The Mount Stewart estate contains historical markers that frame key moments in Northern Irish history, from the Great Famine of the 1800s, to the sectarian Troubles of the 1970s and the long-term impact of English colonial rule. The BeHere project asks fundamental questions about heritage, its ownership and narratives, such as who is included and excluded from heritage spaces? How does Mount Stewart highlight issues of belonging and inequality through the centuries? What considerations are at the forefront when it comes to accessibility to the property?

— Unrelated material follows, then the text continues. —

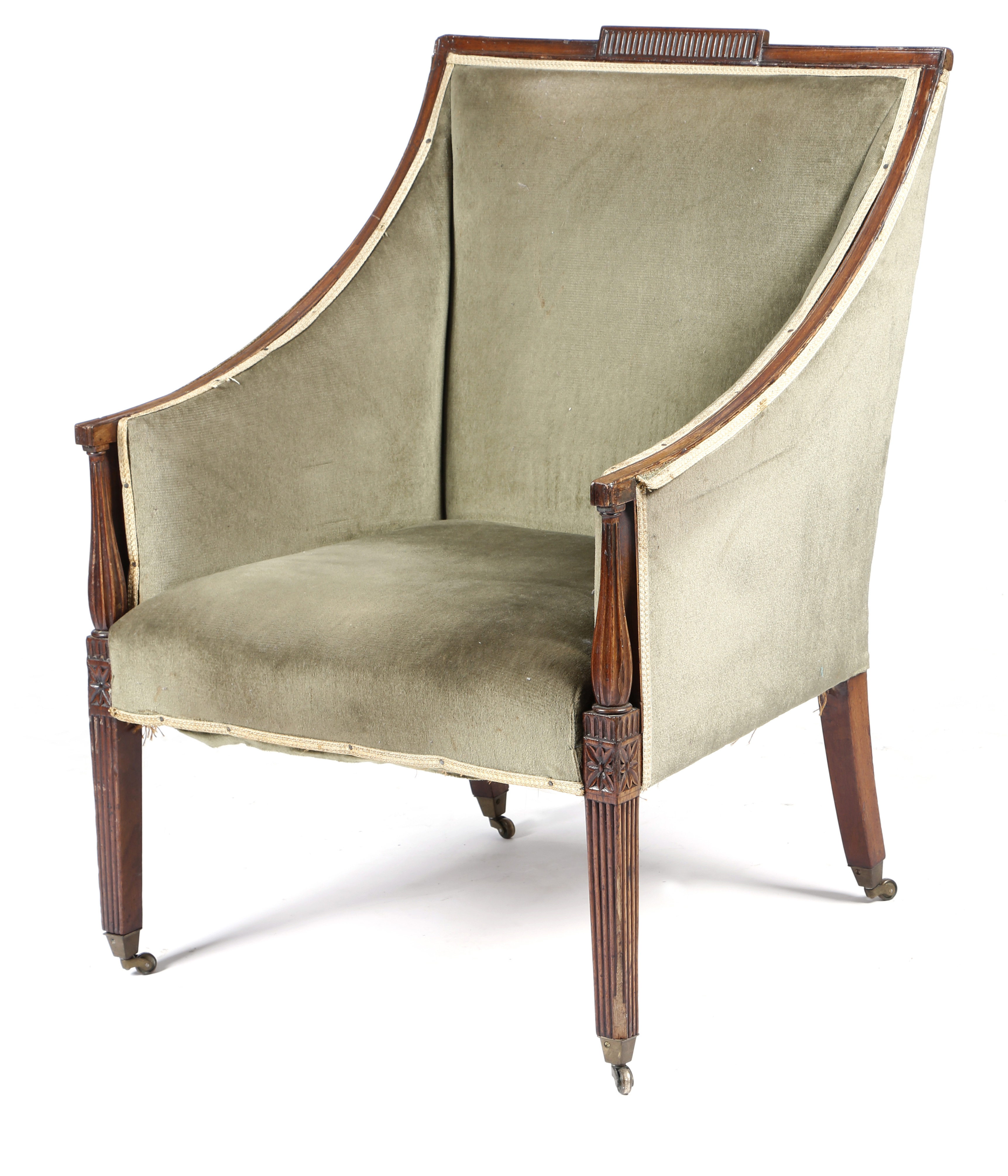 A George III mahogany bergere armchair, upholstered with green plush fabric, the moulded frame with fluted baluster arm supports and reeded square tapering front legs and brass castors.

Significantly, Lisa is co-leading the research with the National Trust as R&D partners. In doing so, her R&D is helping to develop the capacity and capability of the National Trust as an independent research organisation. Together, their joint research will be co-delivered with a range of community organisations, including Arts Ekta, The Link family and community centre in Newtownards and Kilcooley Women’s Centre in nearby Bangor.
In October 2025, the AHRC Creative Communities team visited the project to learn more about the place and people being activated by its inclusive innovation investments.

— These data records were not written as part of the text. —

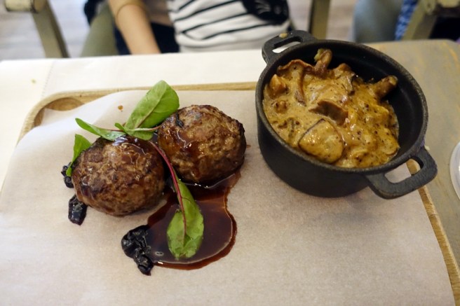主菜之一有北歐鹿肉肉丸配蘑菇蔬菜。鹿肉味道很香。
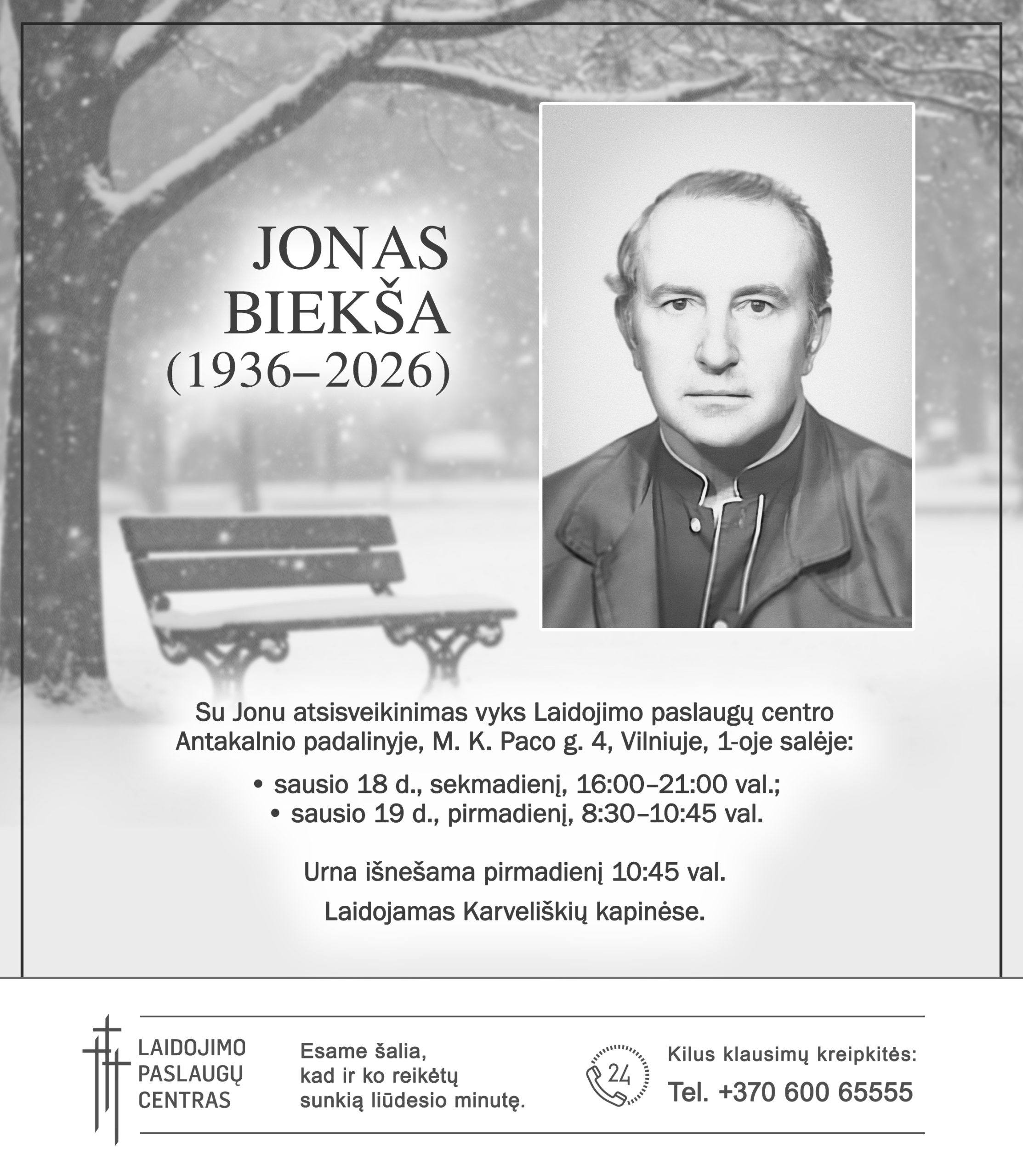 Liūdna širdimi pranešame, kad šį pasaulį paliko JONAS BIEKŠA (1936.02.21–2026.01.16).
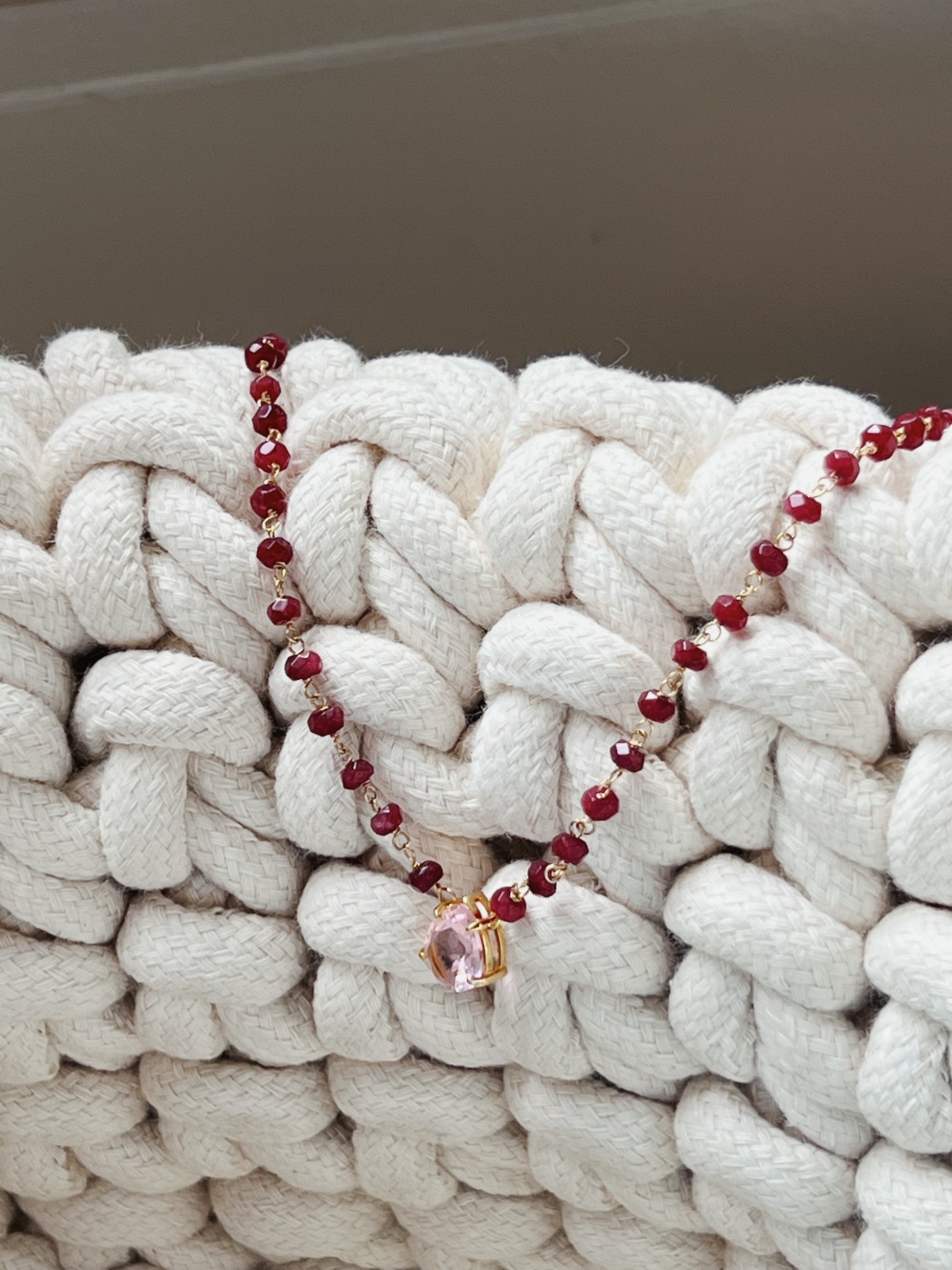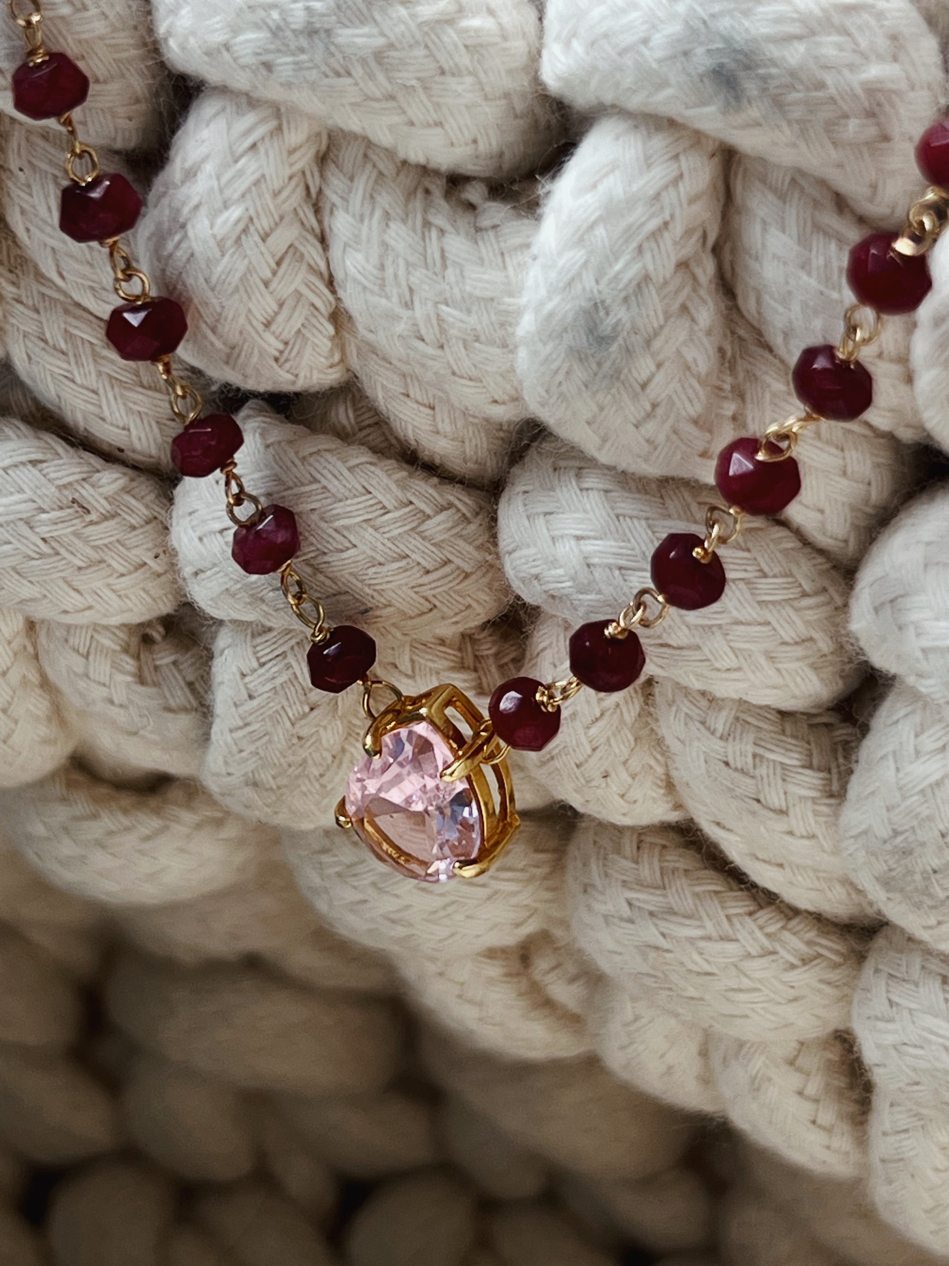 Detalhes: Pedra natural jade rubi e zircônia. Banhado no ouro amarelo 18k. Medida: 20cm com extensor.
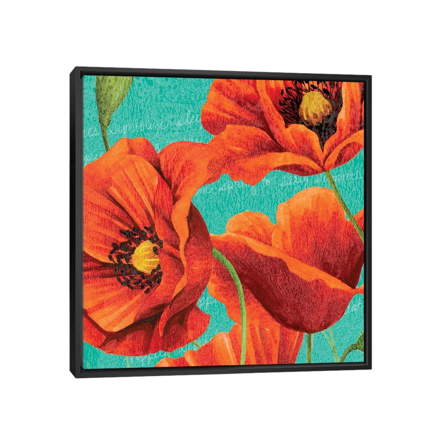 iCanvas "Red Poppies on Teal I" by Studio W Framed

Dr Nisha Tandon is CEO of Arts Ekta, an award-winning social enterprise in central Belfast that promotes cultural diversity in Ireland. Nisha showed us how research relationships had grown over time through Historic Houses, Global Crossroads, a project that reimagined historic properties as inclusive global crossroads. CIP Lisa will collaborate with Nisha and Arts Ekta, to produce a co-created programme of creative activities inspired by the collections and sense of place at Mount Stewart, including its extensive gardens that have been nominated as a UNESCO world heritage site.
At Mount Stewart estate, we learned from community and volunteer manager and ‘BeHere’ project lead, Garret O’Fachtna and property curator, Rachel Brady about the inclusion work already being undertaken by the National Trust. The CIP award will help widen access to members of the public who might not otherwise visit, or even know about, Mount Stewart.

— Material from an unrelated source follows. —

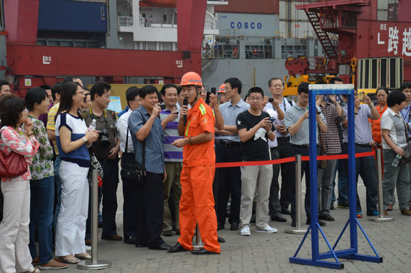 参观青岛港工人的技术绝活表演
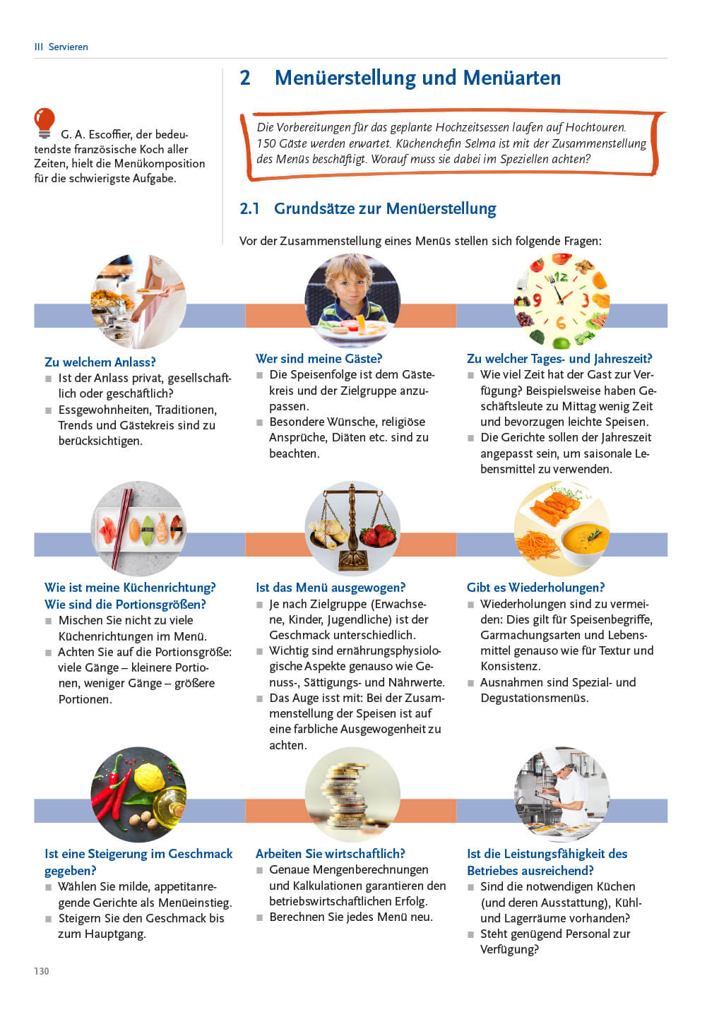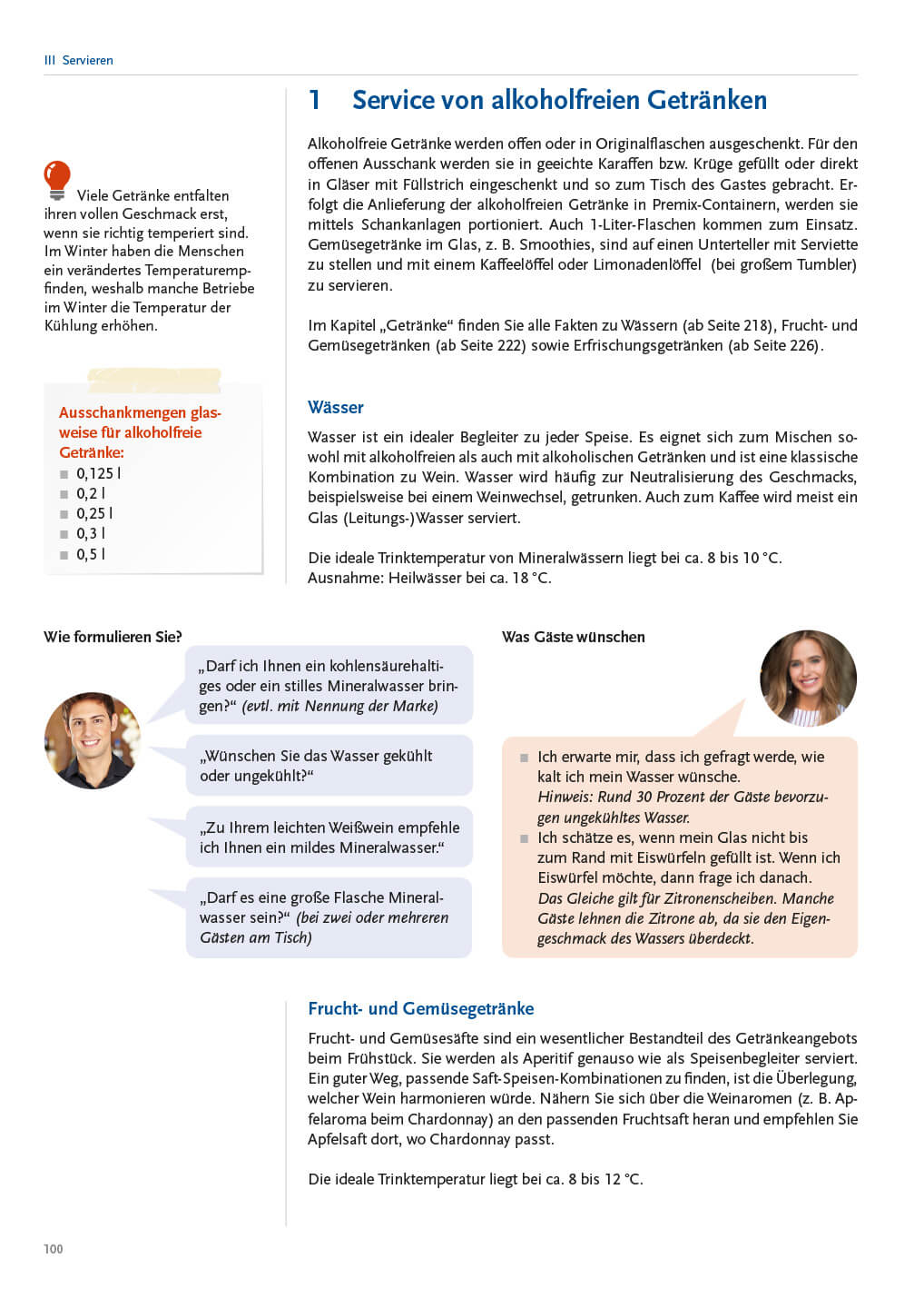 Guter Service ist viel mehr, als bloß Teller „herumzutragen“! Um als Servicemitarbeiter/in erfolgreich zu sein, muss man einerseits die Basistechniken beherrschen und andererseits über das betriebliche Angebot (und darüber hinaus) bestens Bescheid wissen. Denn Gästeberatung ist auch Verkauf und demnach Überzeugungsarbeit. Manche Gäste haben sich ihre Neugier erhalten – sie sind für Neues leicht zu begeistern. Gäste, die sich etwas reservierter geben, sind schon eine größere Herausforderung. Hier ist große Fachkenntnis gefragt.

The opening visit offered a valuable introduction to the aims and vision of the ‘Be Here’ CIP project and its core research aims to unlock community heritage to enhance belonging, break down barriers to opportunity and address regional inequalities in the devolved context of Northern Ireland. As the research develops, Lisa and the National Trust will be capturing key learnings and experiences of co-creation and inclusive innovation in an episode of our podcast series, as well as a community case study and a policy paper on inclusive heritage for the NI Assembly.